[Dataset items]

○ ○ ○ ○

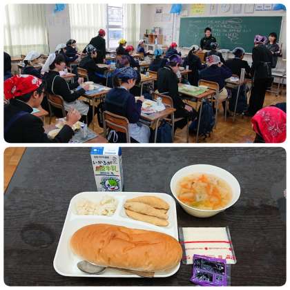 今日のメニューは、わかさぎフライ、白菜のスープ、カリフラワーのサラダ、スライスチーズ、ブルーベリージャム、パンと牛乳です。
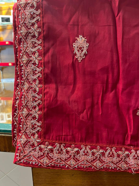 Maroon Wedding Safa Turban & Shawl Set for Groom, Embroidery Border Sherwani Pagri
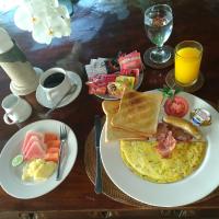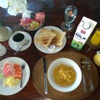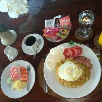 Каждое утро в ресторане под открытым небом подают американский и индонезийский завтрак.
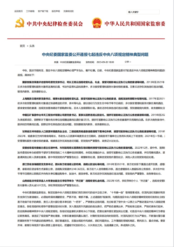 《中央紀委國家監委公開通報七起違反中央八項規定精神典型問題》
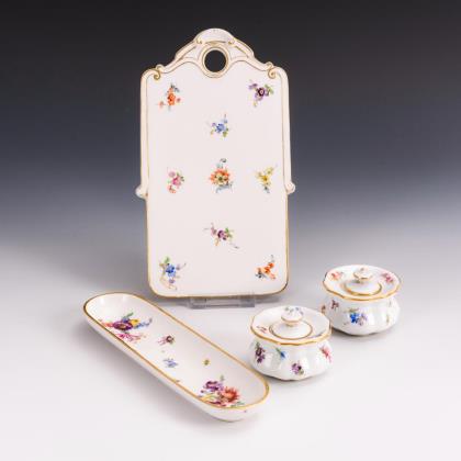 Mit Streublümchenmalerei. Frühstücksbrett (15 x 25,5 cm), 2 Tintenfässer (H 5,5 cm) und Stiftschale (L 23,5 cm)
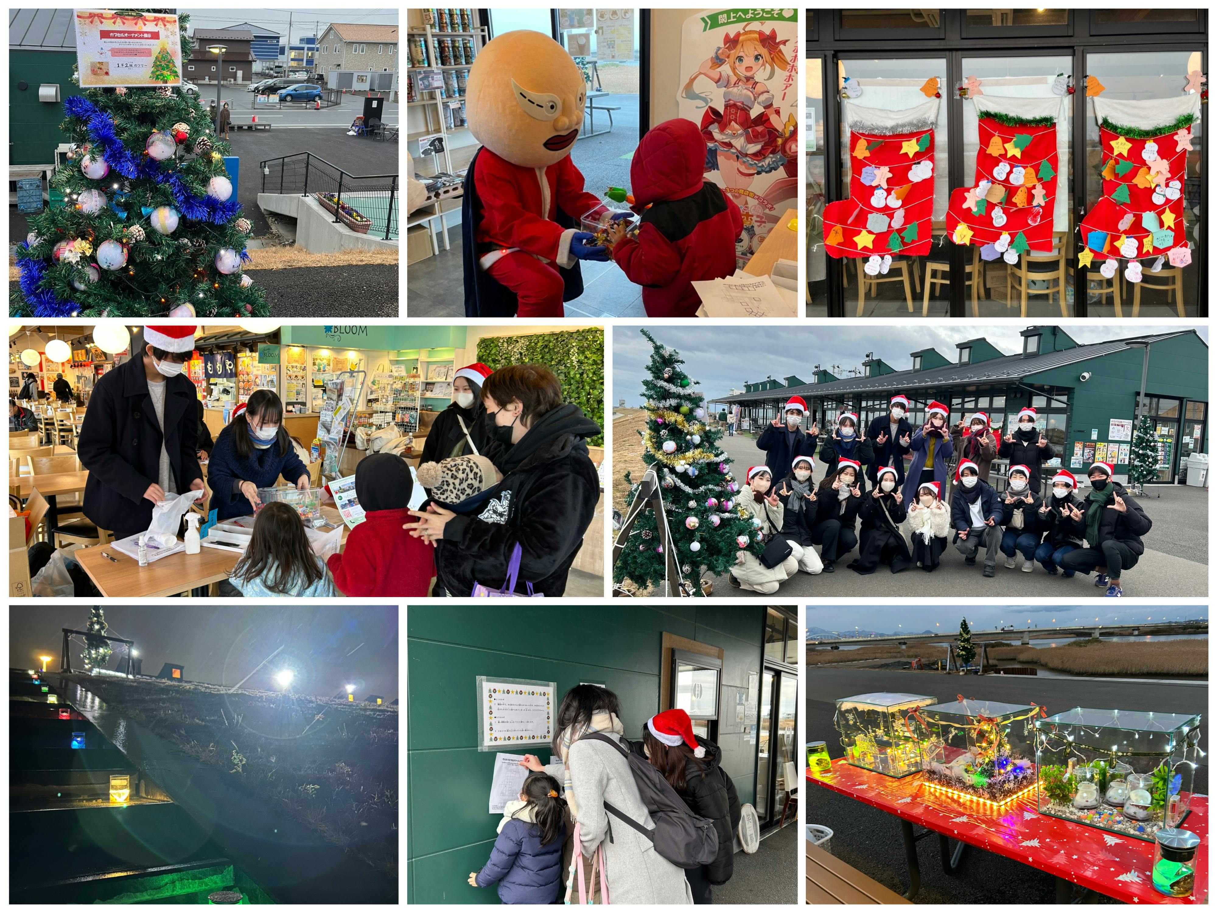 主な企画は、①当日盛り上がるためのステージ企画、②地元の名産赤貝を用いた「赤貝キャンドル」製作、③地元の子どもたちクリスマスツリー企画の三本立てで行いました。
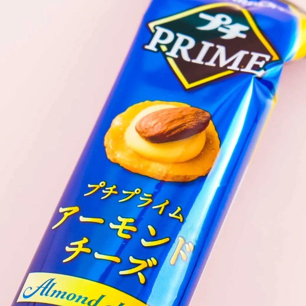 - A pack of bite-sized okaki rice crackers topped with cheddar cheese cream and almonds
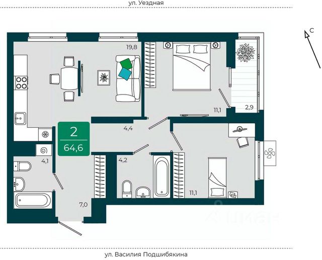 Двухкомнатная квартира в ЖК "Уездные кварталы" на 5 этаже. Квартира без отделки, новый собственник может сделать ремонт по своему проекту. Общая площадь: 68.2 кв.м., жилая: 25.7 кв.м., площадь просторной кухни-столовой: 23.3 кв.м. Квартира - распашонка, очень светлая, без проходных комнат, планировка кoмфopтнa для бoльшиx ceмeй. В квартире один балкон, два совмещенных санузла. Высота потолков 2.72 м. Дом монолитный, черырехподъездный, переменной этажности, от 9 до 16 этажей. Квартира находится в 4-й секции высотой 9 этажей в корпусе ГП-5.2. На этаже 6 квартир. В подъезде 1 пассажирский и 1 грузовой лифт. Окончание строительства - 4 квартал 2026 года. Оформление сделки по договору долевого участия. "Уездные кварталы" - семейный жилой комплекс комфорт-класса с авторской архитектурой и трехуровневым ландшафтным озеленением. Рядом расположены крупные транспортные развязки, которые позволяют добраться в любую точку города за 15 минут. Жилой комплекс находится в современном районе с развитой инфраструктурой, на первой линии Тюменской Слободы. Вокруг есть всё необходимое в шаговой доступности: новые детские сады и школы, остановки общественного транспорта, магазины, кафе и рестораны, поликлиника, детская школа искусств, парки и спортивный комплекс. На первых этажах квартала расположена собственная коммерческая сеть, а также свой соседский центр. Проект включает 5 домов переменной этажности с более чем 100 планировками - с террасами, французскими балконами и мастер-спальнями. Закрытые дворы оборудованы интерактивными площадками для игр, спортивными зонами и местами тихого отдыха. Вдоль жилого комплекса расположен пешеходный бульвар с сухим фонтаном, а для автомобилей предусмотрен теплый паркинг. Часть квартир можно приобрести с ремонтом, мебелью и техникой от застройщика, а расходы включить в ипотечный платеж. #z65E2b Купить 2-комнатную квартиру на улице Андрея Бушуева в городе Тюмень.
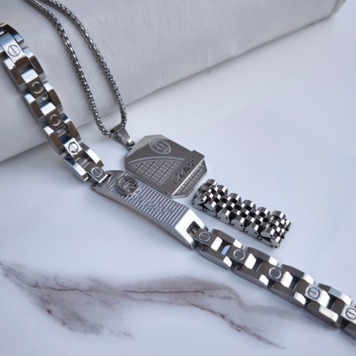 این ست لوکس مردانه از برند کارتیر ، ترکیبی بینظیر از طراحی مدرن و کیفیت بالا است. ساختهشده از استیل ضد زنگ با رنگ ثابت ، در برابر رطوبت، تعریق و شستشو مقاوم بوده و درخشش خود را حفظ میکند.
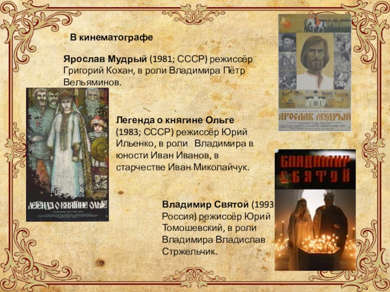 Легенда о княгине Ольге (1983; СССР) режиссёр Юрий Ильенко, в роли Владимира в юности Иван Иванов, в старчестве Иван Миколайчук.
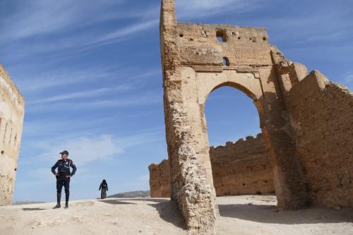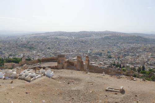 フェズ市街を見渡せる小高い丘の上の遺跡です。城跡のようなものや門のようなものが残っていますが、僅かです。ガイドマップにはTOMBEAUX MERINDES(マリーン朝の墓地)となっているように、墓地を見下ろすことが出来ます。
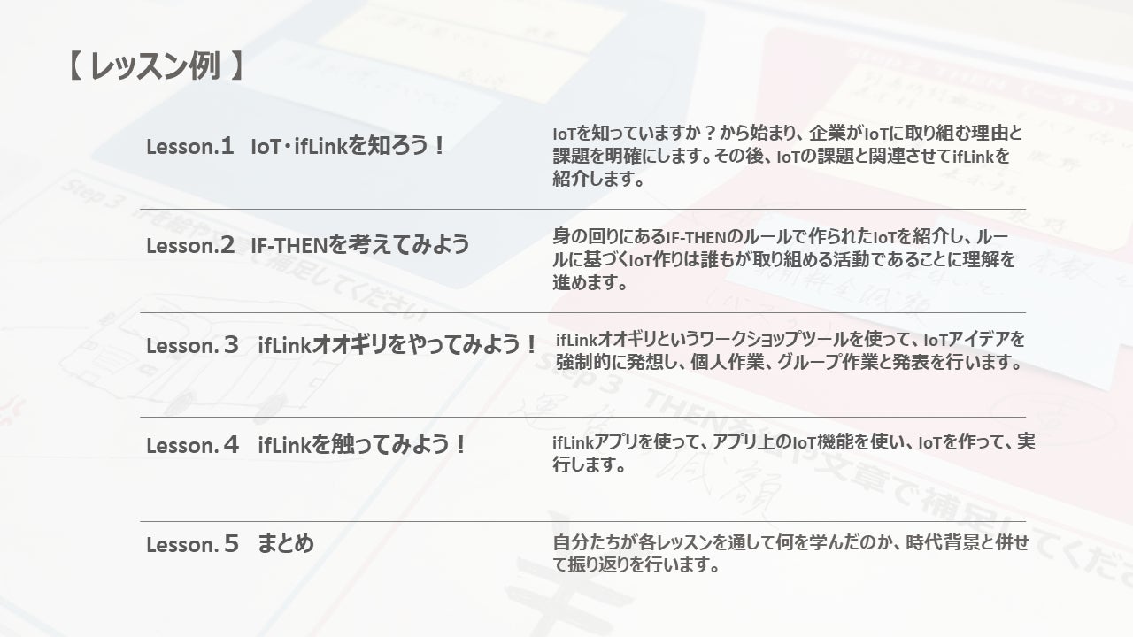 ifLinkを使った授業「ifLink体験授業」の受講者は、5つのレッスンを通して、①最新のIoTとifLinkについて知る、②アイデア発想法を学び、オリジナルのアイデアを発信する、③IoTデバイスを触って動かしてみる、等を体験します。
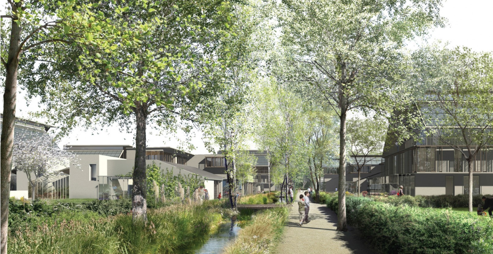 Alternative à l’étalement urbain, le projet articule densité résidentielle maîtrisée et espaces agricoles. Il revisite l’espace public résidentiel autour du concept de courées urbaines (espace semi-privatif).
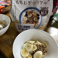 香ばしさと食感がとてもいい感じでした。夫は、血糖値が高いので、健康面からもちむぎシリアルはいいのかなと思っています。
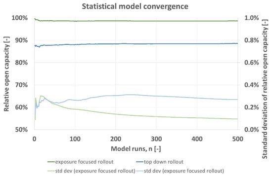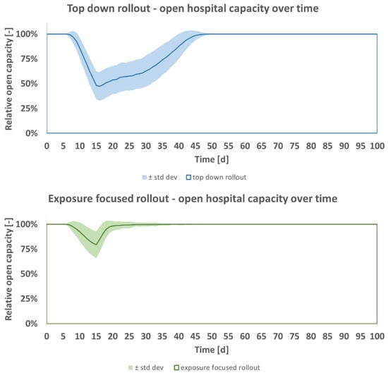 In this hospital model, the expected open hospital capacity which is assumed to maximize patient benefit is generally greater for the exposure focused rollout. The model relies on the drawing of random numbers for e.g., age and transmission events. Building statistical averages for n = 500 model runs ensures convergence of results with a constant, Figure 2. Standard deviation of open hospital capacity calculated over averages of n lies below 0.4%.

○ ○ ○ ○

- PROBLEM DESCRIPTION: Once the line with "Alternative à l’étalement" is found above, print it and every line after it through the line with "香ばしさと食感がとてもいい感", exactly. Pictures stay out.

- ANSWER SPACE:
 Alternative à l’étalement urbain, le projet articule densité résidentielle maîtrisée et espaces agricoles. Il revisite l’espace public résidentiel autour du concept de courées urbaines (espace semi-privatif).
 香ばしさと食感がとてもいい感じでした。夫は、血糖値が高いので、健康面からもちむぎシリアルはいいのかなと思っています。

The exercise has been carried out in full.